Мы уже вошли в узкий пролив, который вел к небольшому, более холодному рукаву озера. Фары случайной машины, прорыв туннель средь растущих на берегу сосен, скрылись из виду, а потом вдруг вспыхнули над водой, показавшейся в этом недолгом слепящем сиянии еще темней и изменчивей. К тому времени я старательно исходил на веслах каждую милю озера; глядя, как красиво одолевает „Крис-крафт“ эти непосильные расстояния, я чувствовал некую тихую радость. Ведь папа уже вновь завел моторы на полную мощность и мы опять восседали на нашем высоком троне. Мы миновали место, где от большого белого особняка со светящимися зашторенными окнами тянулись к берегу подстриженные газоны поместья. В предвечерний час прошедшего воскресенья, с трудом преодолевая в этом месте бурные волны, я увидел юношу в полосатом костюме и девушку в нарядном платье. Они не спеша удалялись от меня вверх по склону холма, он немного впереди, а она размахивала руками, поднимая их неестественно высоко, точно марионетка. В дымке над дождевальной установкой солнце отыскало бледную радугу и позеленило траву, превратив ее в грубое сукно для униформы. В его свете тени парочки удлинялись и обретали значительность.

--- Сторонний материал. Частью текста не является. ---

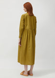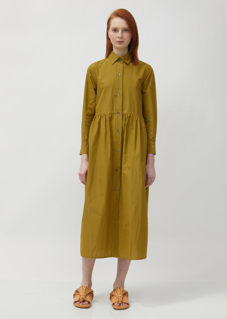 Banana-and-black bracelet-sleeve shirtdress crafted of Vichy-checked cotton poplin.

Я видел, что всюду — на почте, где у нас был свой ящик, в универмаге, на пристанях, водных лыжах и в парусных шлюпках, — веселятся загоревшие до цвета йода с рыбьим жиром молодые люди со стройными телами и безупречными зубами. Нередко скользила в лучах заходящего солнца шлюпка с обосновавшейся на белом парусе тенью широкоплечего подростка. На местной пристани я видел из своей моторки двух шедших мимо юношей, под кромкой шорт виднелась узкая полоска не тронутой загаром кожи. С высокого склона холма, где я читал, сидя на висящих на нашей веранде качелях, я слышал, как внизу они перешучиваются, загорая на белом бревенчатом плоту. На ужине в загородном клубе я видел их вблизи — мальчик с волевым подбородком и загорелыми руками, в блейзере и белых хлопчатобумажных брюках, усаживал на место свою мать о таким же, только более острым носом, с такими же белокурыми, только тронутыми сединой волосами. Все эти женщины носили темно-синюю одежду с единственным украшением из желтого и розового золота, втискивали свои узкие ступни в сине-белые туфли-лодочки, водили роскошные многоместные автомобили, пили мартини на верандах с плетеной мебелью и соломенными ковриками и говорили тише большинства мужчин. Вблизи они пахли джином, маслом какао и озерной водой; бывало, мы сиживали рядом с такой женщиной и ее семьей за общим столом. А иногда я видел этих женщин в маленьком филиале „Сакса Пятой авеню“, и городке неподалеку. Они делали вид, будто устали или раздражены бесконечными отлучками детей: „Можешь не говорить, когда вернешься, Скотт, ты ведь знаешь, что еще ни разу не сдержал слова“. Все это я видел и завидовал сыновьям таких родителей и родителям таких сыновей.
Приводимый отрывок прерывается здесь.